▶ Problem to solve:
The entries below are to be copied exactly, with every picture left out.

▶ Material for this task:
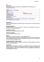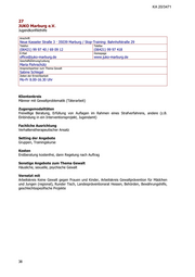 KA 20/3471 26 pro familia Deutsche Gesellschaft für Familienplanung, Sexualpädagogik und Sexualberatung e.V. Beratungszentrum Kassel Anschrift Breitscheidstraße 7 · 34119 Kassel Telefon (0561) 76 61 92 50 E-Mail Homepage kassel@profamilia.de www.profamilia.de/kassel Geschäftsführung/Leitung Petra Zimmermann Ansprechpartner zum Thema Gewalt Martin Plate Zeiten der Erreichbarkeit Mo 9.00-16.00 Uhr, Di-Fr 9.00-13.00 Uhr, Di 16.30-19.00 Uhr, Do 14.00-18.00 Uhr Beratungstermine nach Vereinbarung Klientenkreis Männer mit Gewaltproblematik (Täterarbeit), Männer als Opfer, Männer mit sonstigen Anliegen, Paarberatung Zugangsmodalitäten Freiwillige Beratung, Erfüllung von Auflagen im Rahmen eines Strafverfahrens, andere (z.B. Einbindung in ein Interventionsprojekt) Fachliche Ausrichtung Systemischer und verhaltenstherapeutischer Ansatz Setting der Angebote Einzel, Paare, Familiensysteme, Gruppen Kosten Tätergruppe pro Teilnehmer und Termin 1 % des Nettoeinkommens Nicht über KAIP (Interventionsprojekt), Staatsanwaltschaft oder Gericht Kommende zahlen 16 € für ein Erstgespräch-Einzel und 31 € für einen Folgetermin-Einzel oder 26 € für ein Erstgespräch- Paar und 41 € für einen Folgetermin-Paar Sonstige Angebote zum Thema Gewalt Häusliche, sexuelle und psychische Gewalt, Krisenintervention, Präventionsangebote insbesonde- re auch in der Behindertenhilfe Vernetzt mit Aktionsbündnis gegen Häusliche Gewalt Nord- und Osthessen, Runder Tisch Region Kassel, Netzwerk Täterarbeit Nordhessen, Landespräventionsrat Hessen, Arbeitsgruppe Täterarbeit des Landesverbandes pro familia Hessen, Behörden, Kliniken, niedergelassene TherapeutInnen, geschlechtsspezifische Projekte 37
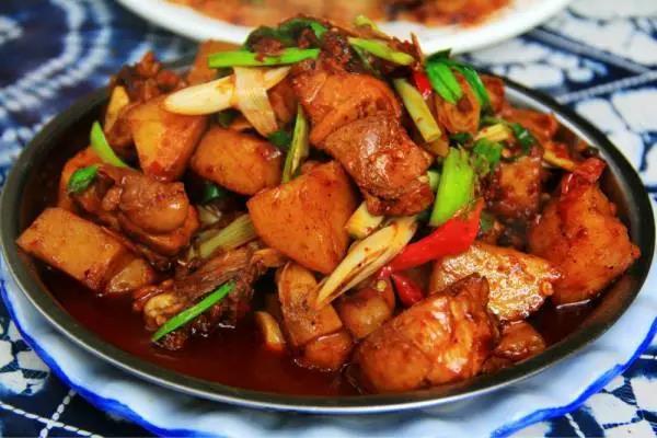 在當地大廚看來,做黃燜雞沒有什么訣竅,只需要兩個字:用心。雞選用永平當地的博南山土雞,堅持活雞現宰,剁成 2 厘米大小的方塊;然后將干辣椒去把、除籽,切成長節;注入鍋內的香油量要適中,將油燒熱,把花椒、姜、干辣椒放入鍋中炸成亮色,投入仔雞塊,加入適量的醬油、蔥、蒜等,翻炒幾下,蓋上鍋蓋,然后等待雞肉水分干而發黃,再放入自己調配好的佐料、蒜末和辣椒翻炒,最后加入適量大蔥便可起鍋;炒燜雞塊一定要掌握火候,只有用旺火炒后燜出來的才不會失去真味。
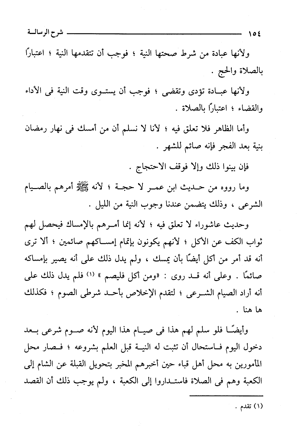 واعتبارهم بالنية قبل الفجر بعلة أنه ناو لصيامه غير صحيح؛ لأنه إذا نوى في بعض اليوم فهذه النية لا تتناول ما مضى؛ فلم يكن ناوياً لصيامه، وينتقض بالنذر والقضاء وبالنية في أمس اليوم وعلى أن المعنى في الأصل تقدم النية على الفعل (المنوي).
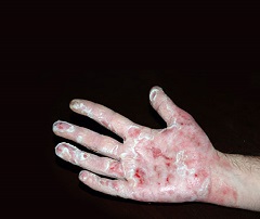 Lëngu i domates është një ilaç mjaft efikas në rastin e djegieve të lëkurës të shkallës së parë. Menjëherë sapo lëkura ka pësuar djegie të shkallës së parë, lyerja e lëkurës së djegur me lëng domate ndihmon në ndalimin e nekrozës së mëtejshme të lëkurës dhe rehabilitimin e saj.
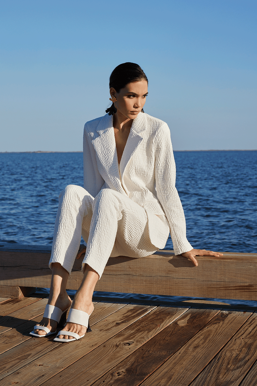 Pairs back to the matching textured cotton jacquard top and jacket.
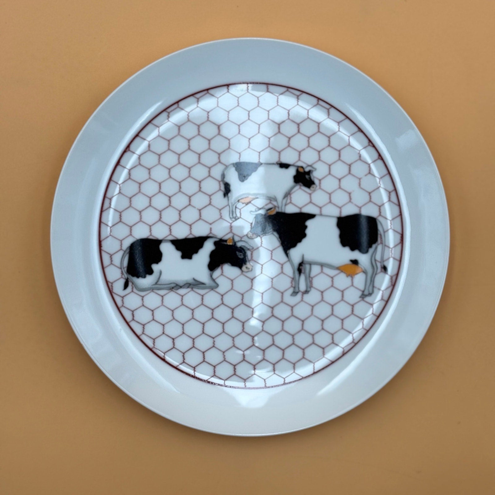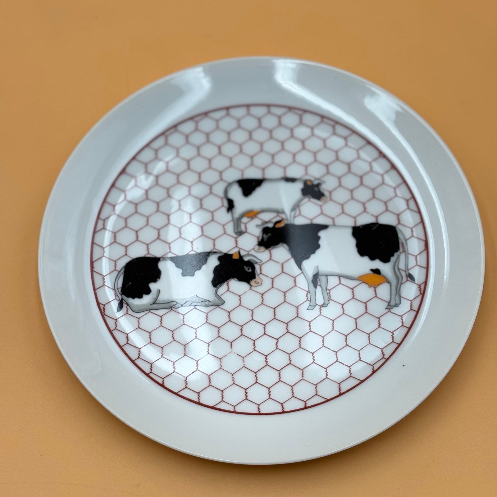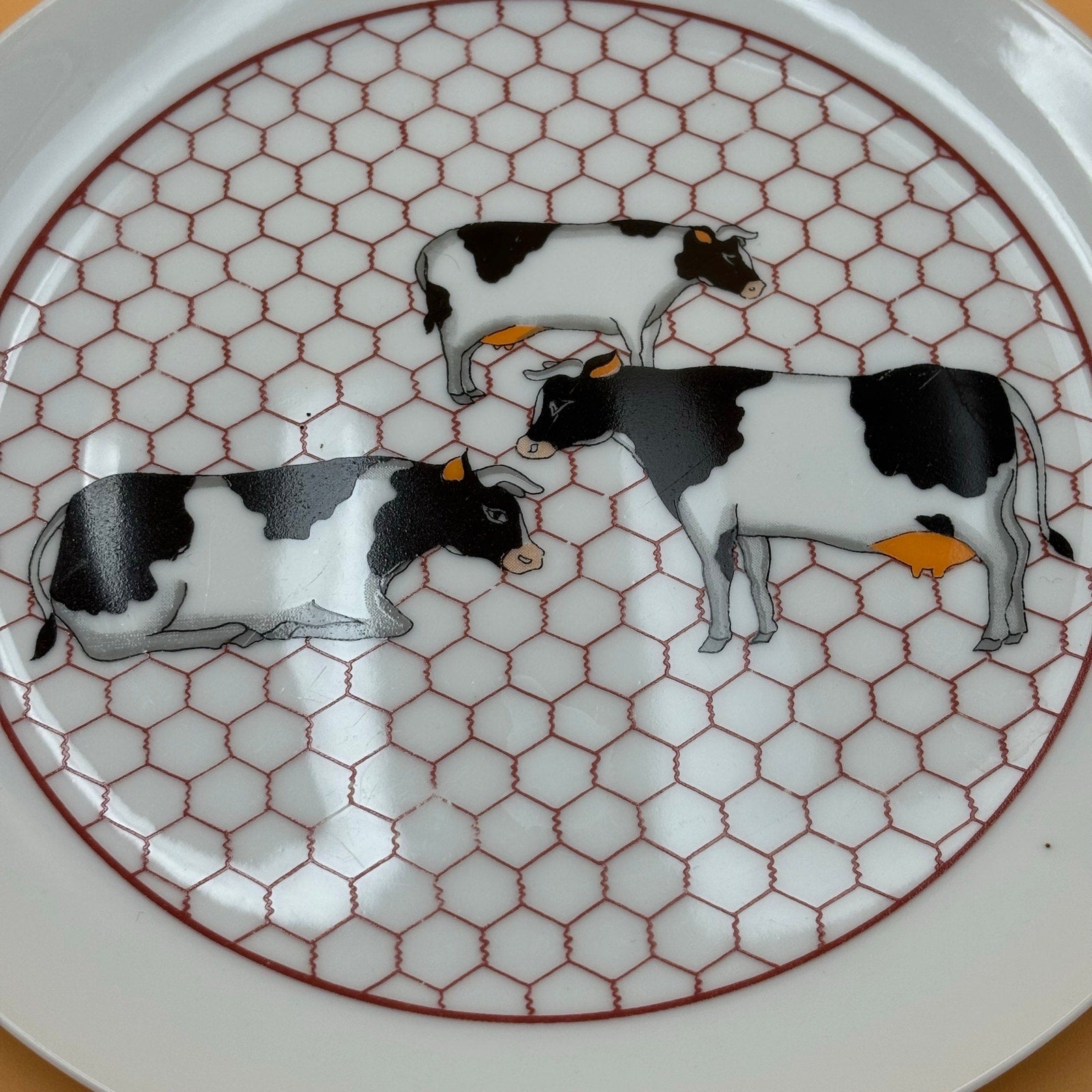 Pair of porcelain dessert plates by Takahashi San Francisco, featuring a playful cow and chicken wire farm design. Made in Japan. Beautiful glossy finish with crisp detail — perfect for farmhouse, country, or eclectic kitchen décor.

▶ Answer below:
 KA 20/3471 26 pro familia Deutsche Gesellschaft für Familienplanung, Sexualpädagogik und Sexualberatung e.V. Beratungszentrum Kassel Anschrift Breitscheidstraße 7 · 34119 Kassel Telefon (0561) 76 61 92 50 E-Mail Homepage kassel@profamilia.de www.profamilia.de/kassel Geschäftsführung/Leitung Petra Zimmermann Ansprechpartner zum Thema Gewalt Martin Plate Zeiten der Erreichbarkeit Mo 9.00-16.00 Uhr, Di-Fr 9.00-13.00 Uhr, Di 16.30-19.00 Uhr, Do 14.00-18.00 Uhr Beratungstermine nach Vereinbarung Klientenkreis Männer mit Gewaltproblematik (Täterarbeit), Männer als Opfer, Männer mit sonstigen Anliegen, Paarberatung Zugangsmodalitäten Freiwillige Beratung, Erfüllung von Auflagen im Rahmen eines Strafverfahrens, andere (z.B. Einbindung in ein Interventionsprojekt) Fachliche Ausrichtung Systemischer und verhaltenstherapeutischer Ansatz Setting der Angebote Einzel, Paare, Familiensysteme, Gruppen Kosten Tätergruppe pro Teilnehmer und Termin 1 % des Nettoeinkommens Nicht über KAIP (Interventionsprojekt), Staatsanwaltschaft oder Gericht Kommende zahlen 16 € für ein Erstgespräch-Einzel und 31 € für einen Folgetermin-Einzel oder 26 € für ein Erstgespräch- Paar und 41 € für einen Folgetermin-Paar Sonstige Angebote zum Thema Gewalt Häusliche, sexuelle und psychische Gewalt, Krisenintervention, Präventionsangebote insbesonde- re auch in der Behindertenhilfe Vernetzt mit Aktionsbündnis gegen Häusliche Gewalt Nord- und Osthessen, Runder Tisch Region Kassel, Netzwerk Täterarbeit Nordhessen, Landespräventionsrat Hessen, Arbeitsgruppe Täterarbeit des Landesverbandes pro familia Hessen, Behörden, Kliniken, niedergelassene TherapeutInnen, geschlechtsspezifische Projekte 37
 在當地大廚看來,做黃燜雞沒有什么訣竅,只需要兩個字:用心。雞選用永平當地的博南山土雞,堅持活雞現宰,剁成 2 厘米大小的方塊;然后將干辣椒去把、除籽,切成長節;注入鍋內的香油量要適中,將油燒熱,把花椒、姜、干辣椒放入鍋中炸成亮色,投入仔雞塊,加入適量的醬油、蔥、蒜等,翻炒幾下,蓋上鍋蓋,然后等待雞肉水分干而發黃,再放入自己調配好的佐料、蒜末和辣椒翻炒,最后加入適量大蔥便可起鍋;炒燜雞塊一定要掌握火候,只有用旺火炒后燜出來的才不會失去真味。
 واعتبارهم بالنية قبل الفجر بعلة أنه ناو لصيامه غير صحيح؛ لأنه إذا نوى في بعض اليوم فهذه النية لا تتناول ما مضى؛ فلم يكن ناوياً لصيامه، وينتقض بالنذر والقضاء وبالنية في أمس اليوم وعلى أن المعنى في الأصل تقدم النية على الفعل (المنوي).
 Lëngu i domates është një ilaç mjaft efikas në rastin e djegieve të lëkurës të shkallës së parë. Menjëherë sapo lëkura ka pësuar djegie të shkallës së parë, lyerja e lëkurës së djegur me lëng domate ndihmon në ndalimin e nekrozës së mëtejshme të lëkurës dhe rehabilitimin e saj.
 Pairs back to the matching textured cotton jacquard top and jacket.
 Pair of porcelain dessert plates by Takahashi San Francisco, featuring a playful cow and chicken wire farm design. Made in Japan. Beautiful glossy finish with crisp detail — perfect for farmhouse, country, or eclectic kitchen décor.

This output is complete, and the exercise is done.